Miscellaneous material to start your week.

- Rochelle Baker interviews David Suzuki about the lessons from the coronavirus pandemic which we should apply equally to the threat of a climate breakdown. And Mike Layton writes that we need a Green New Deal as our recovery program once the pause on physical interaction has passed.

- Meanwhile, Joe Cressy points out how cities need support to recover from a crisis which has dramatically undercut their revenues without affecting their provincially-imposed obligation to balance budgets.

- Richard Warnica discusses how confined residences including care homes, prisons and shelters have become the most dangerous transmission points for COVID-19 in Canada. And Michael Enright interviews Pat Armstrong about a long-term care system which has been set up to prioritize operator profit over the health of residents.

- Jo Snyder writes about the quarantine privilege which divides people between those who can engage in meaningful physical distancing and those whose work and life circumstances make it impossible to do so. Robert Reich makes a similar point while breaking down the latter group into the "essential", the "unpaid" and the "forgotten". And Kara Voght examines how the the U.S.' coronavirus relief package is designed to perpetuate existing inequalities and exclusions.

- Lisa Graves points out that the already-paltry "reopen" events are almost entirely the result of right-wing astroturfing. And Colin Horgan notes that there isn't a reality-based argument to ignore or facilitate the spread of a pandemic. 

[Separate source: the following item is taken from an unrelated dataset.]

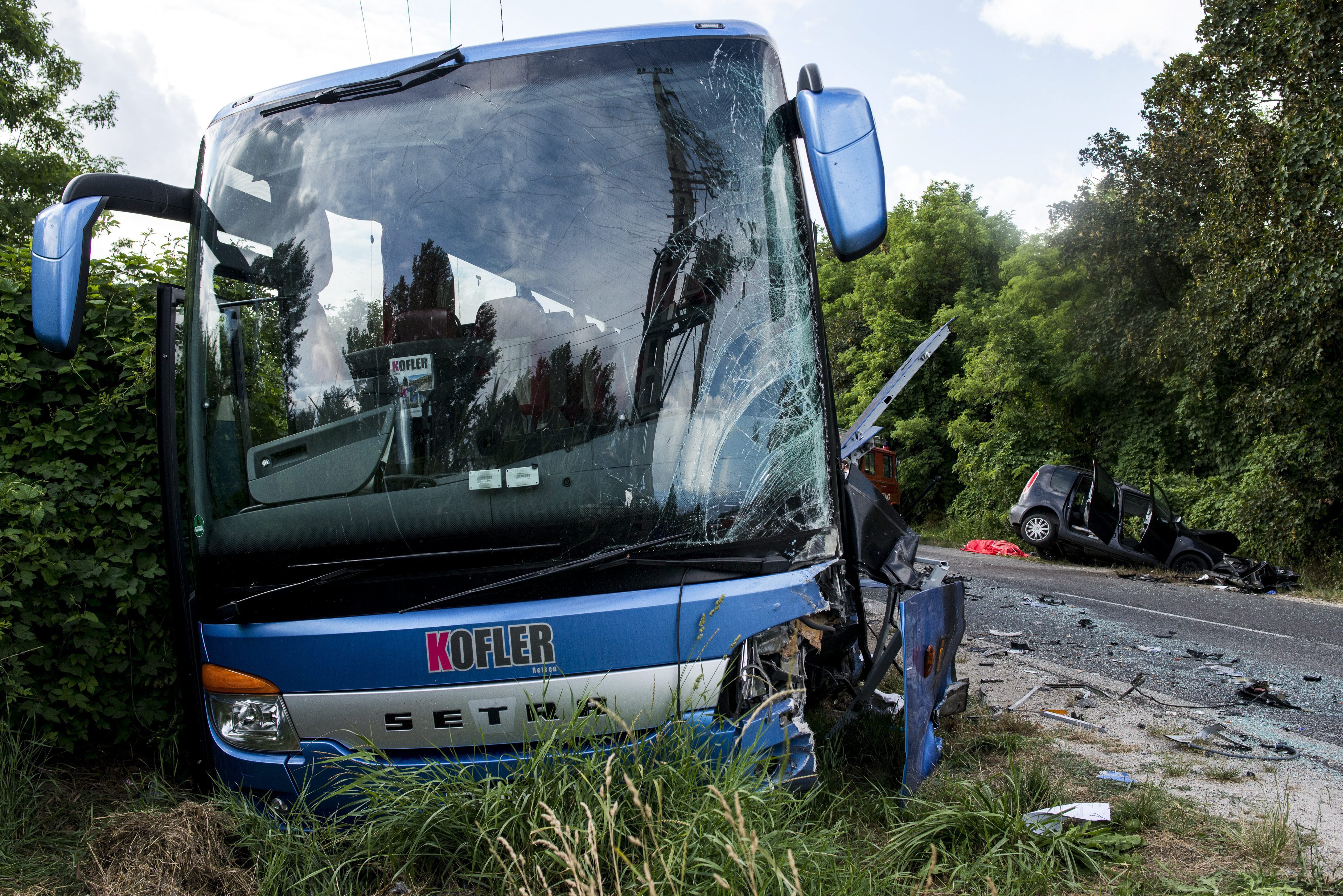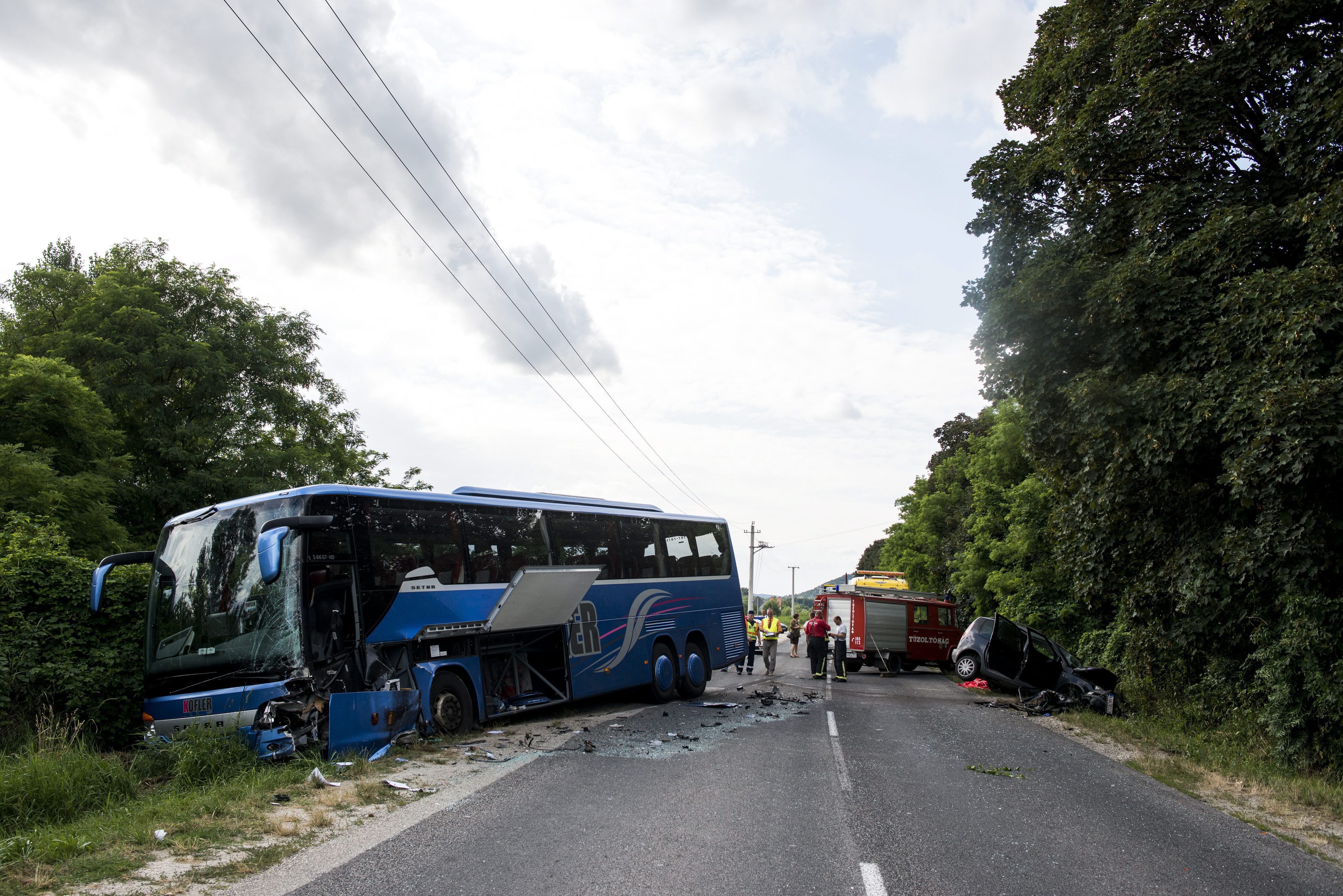 Az MTI úgy tudja, hogy egy német rendszámú turistabusz és egy szlovák rendszámú gépkocsi karambolozott. Az autó sofőrje beszorult a roncsba, megpróbálták újraéleszteni, de állapotát nem sikerült stabilizálni, a helyszínen meghalt. Női utasa könnyebben sérült.

- Finally, Branko Milanovic writes that Donald Trump represents the end point of neoliberal ideology as a boss who doesn't hesitate to dismiss the lives and safety of the people he perceives as his servants.

Sunday, April 26, 2020

Sunday Afternoon Links

This and that for your Sunday reading.

- Heather Scoffield points out some of the people who have been systematically excluded from any discussion about what steps need to be taken next in response to the coronavirus pandemic, while Althia Raj focuses on self-employed Canadians in particular. Simon Enoch is rightly aghast at the Saskatchewan Party's development of a "reopening" plan which makes no mention of, and fails to take into account, the needs of workers. And Laird Cronk writes about the importance of ensuring that the new society we build on the other side of the COVID-19 pandemic recognizes and values the contributions of essential workers.

- Moira Walsh and Omar Mosleh report on the court ruling Ontario nurses had to win in order to be able to determine which personal protective equipment was required to keep them safe in long-term care homes. And Noam Scheiber and Michael Corkery report on the lawsuit seeking to ensure that Smithfield workers aren't ordered to endanger themselves and their colleagues.

- Jesse Drucker exposes some of the handouts to big business and the wealthy buried in the terms of the U.S.' meager relief packages. Emily Flitter and Peter Eavis document some of the corporations which have demanded bailouts after draining what should have been more than sufficient cash reserves. And Karl Nerenberg discusses the Libs' choice to make public funding available to tax haven abusers, rather than ensuring that businesses benefit from public supports only if they've paid their fair share.

- Finally, Chuck Collins notes that the world's wealthiest people are so removed from everybody else that they've managed to accumulate even more while most people have been in lockdown. And Alex Hemingway makes the case for an excess profits tax to ensure that businesses can't retain the spoils of profiteering based on a public emergency.